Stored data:
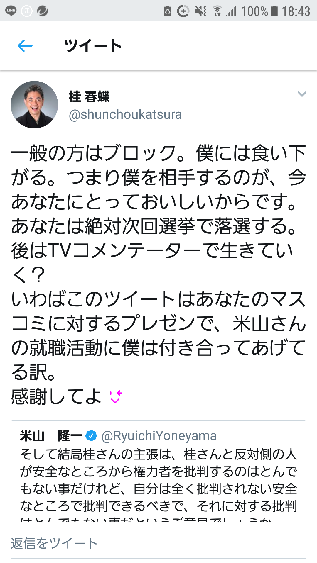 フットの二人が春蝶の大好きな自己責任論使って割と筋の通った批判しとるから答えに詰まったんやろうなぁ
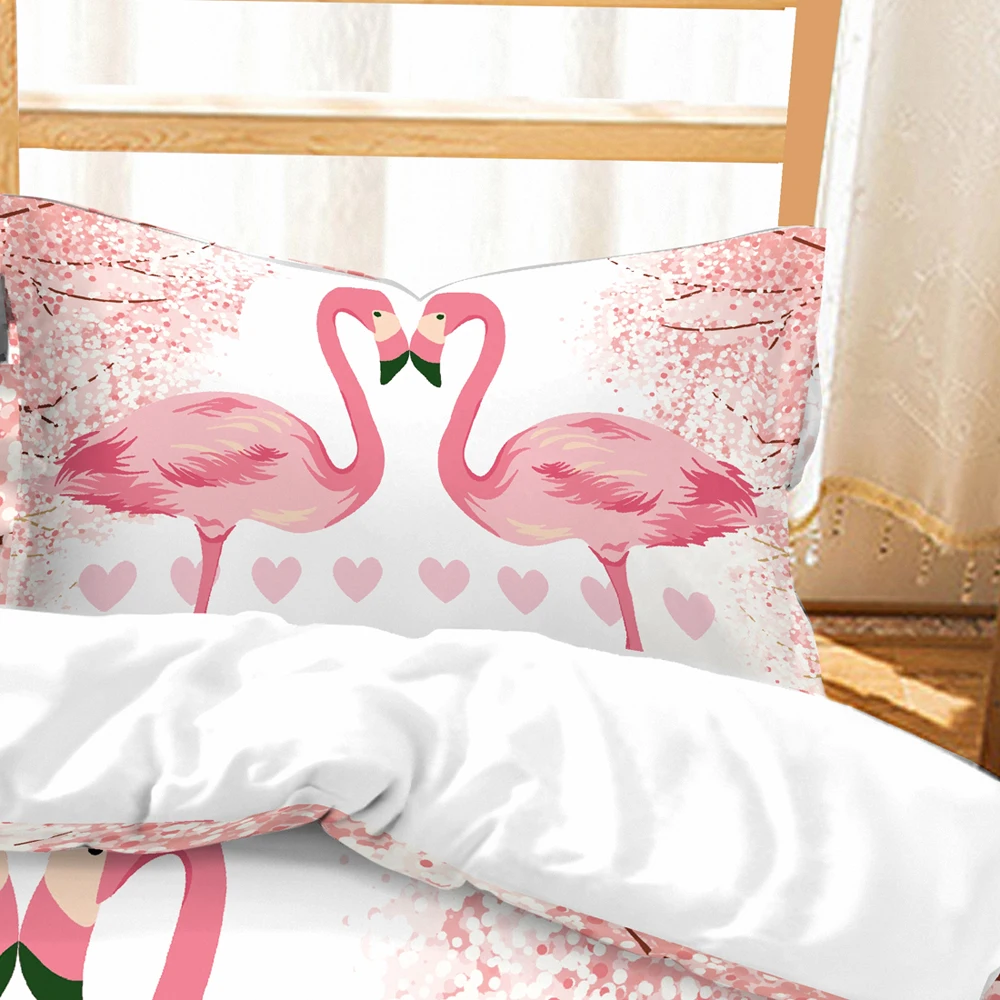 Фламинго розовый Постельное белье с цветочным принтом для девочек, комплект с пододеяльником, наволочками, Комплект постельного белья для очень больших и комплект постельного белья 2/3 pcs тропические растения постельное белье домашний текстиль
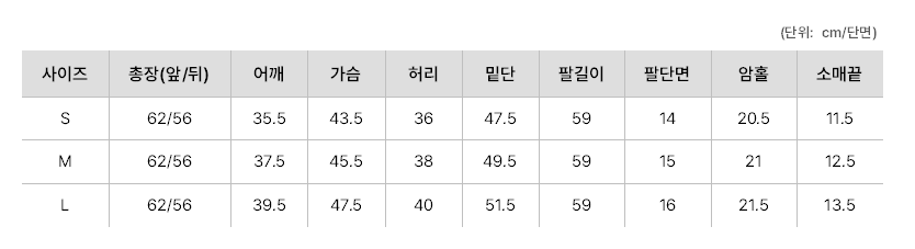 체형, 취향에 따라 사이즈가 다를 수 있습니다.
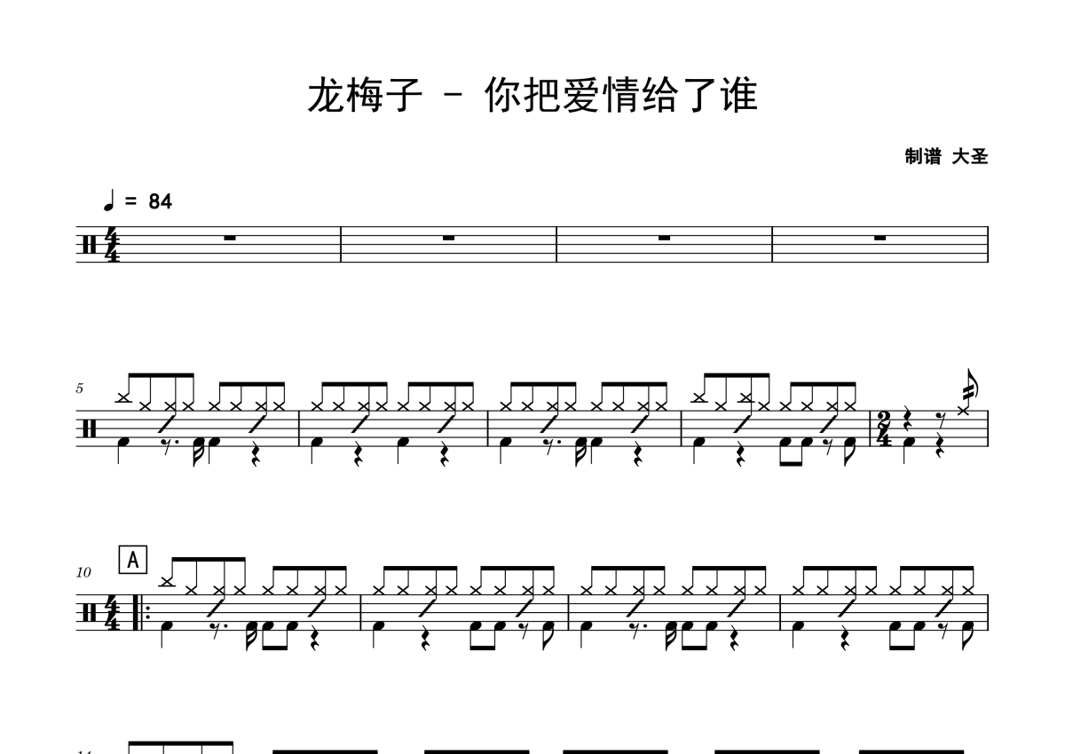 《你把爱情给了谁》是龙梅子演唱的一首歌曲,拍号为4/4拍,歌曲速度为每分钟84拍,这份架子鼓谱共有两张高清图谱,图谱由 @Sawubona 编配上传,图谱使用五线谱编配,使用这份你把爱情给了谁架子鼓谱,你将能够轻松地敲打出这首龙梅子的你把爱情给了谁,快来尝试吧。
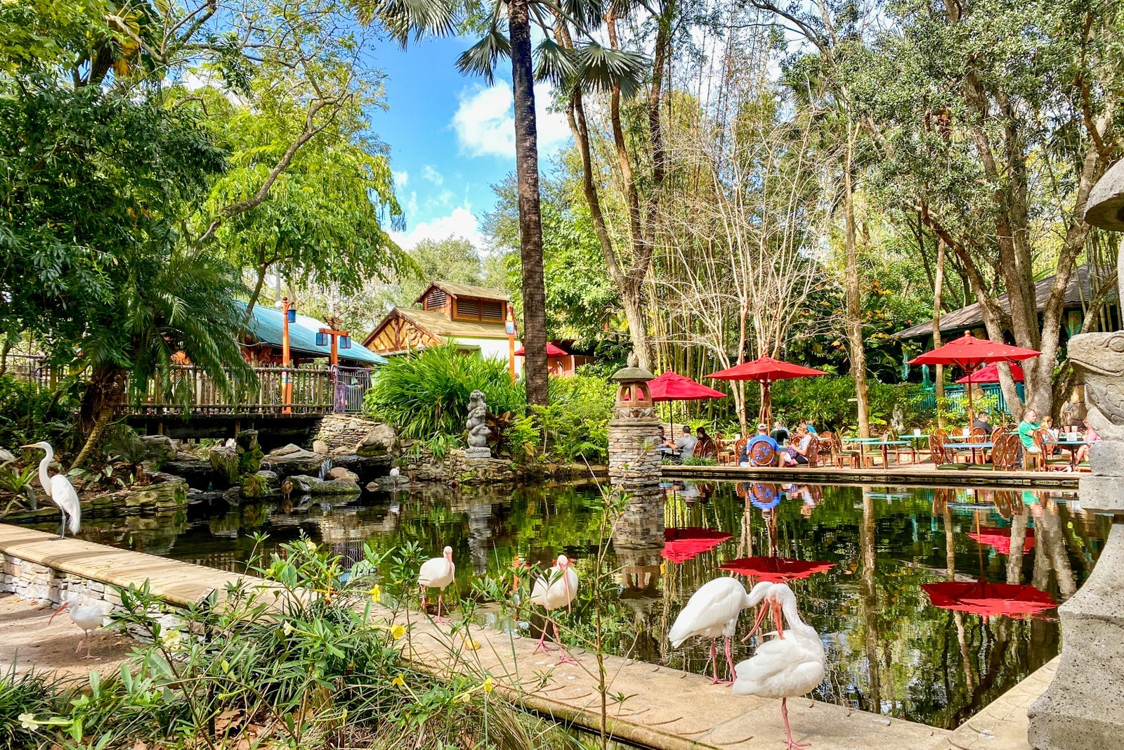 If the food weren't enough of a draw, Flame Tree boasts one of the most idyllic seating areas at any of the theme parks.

• Task requirements:
Return every line above exactly, omitting images.

• Solved problem:
 フットの二人が春蝶の大好きな自己責任論使って割と筋の通った批判しとるから答えに詰まったんやろうなぁ
 Фламинго розовый Постельное белье с цветочным принтом для девочек, комплект с пододеяльником, наволочками, Комплект постельного белья для очень больших и комплект постельного белья 2/3 pcs тропические растения постельное белье домашний текстиль
 체형, 취향에 따라 사이즈가 다를 수 있습니다.
 《你把爱情给了谁》是龙梅子演唱的一首歌曲,拍号为4/4拍,歌曲速度为每分钟84拍,这份架子鼓谱共有两张高清图谱,图谱由 @Sawubona 编配上传,图谱使用五线谱编配,使用这份你把爱情给了谁架子鼓谱,你将能够轻松地敲打出这首龙梅子的你把爱情给了谁,快来尝试吧。
 If the food weren't enough of a draw, Flame Tree boasts one of the most idyllic seating areas at any of the theme parks.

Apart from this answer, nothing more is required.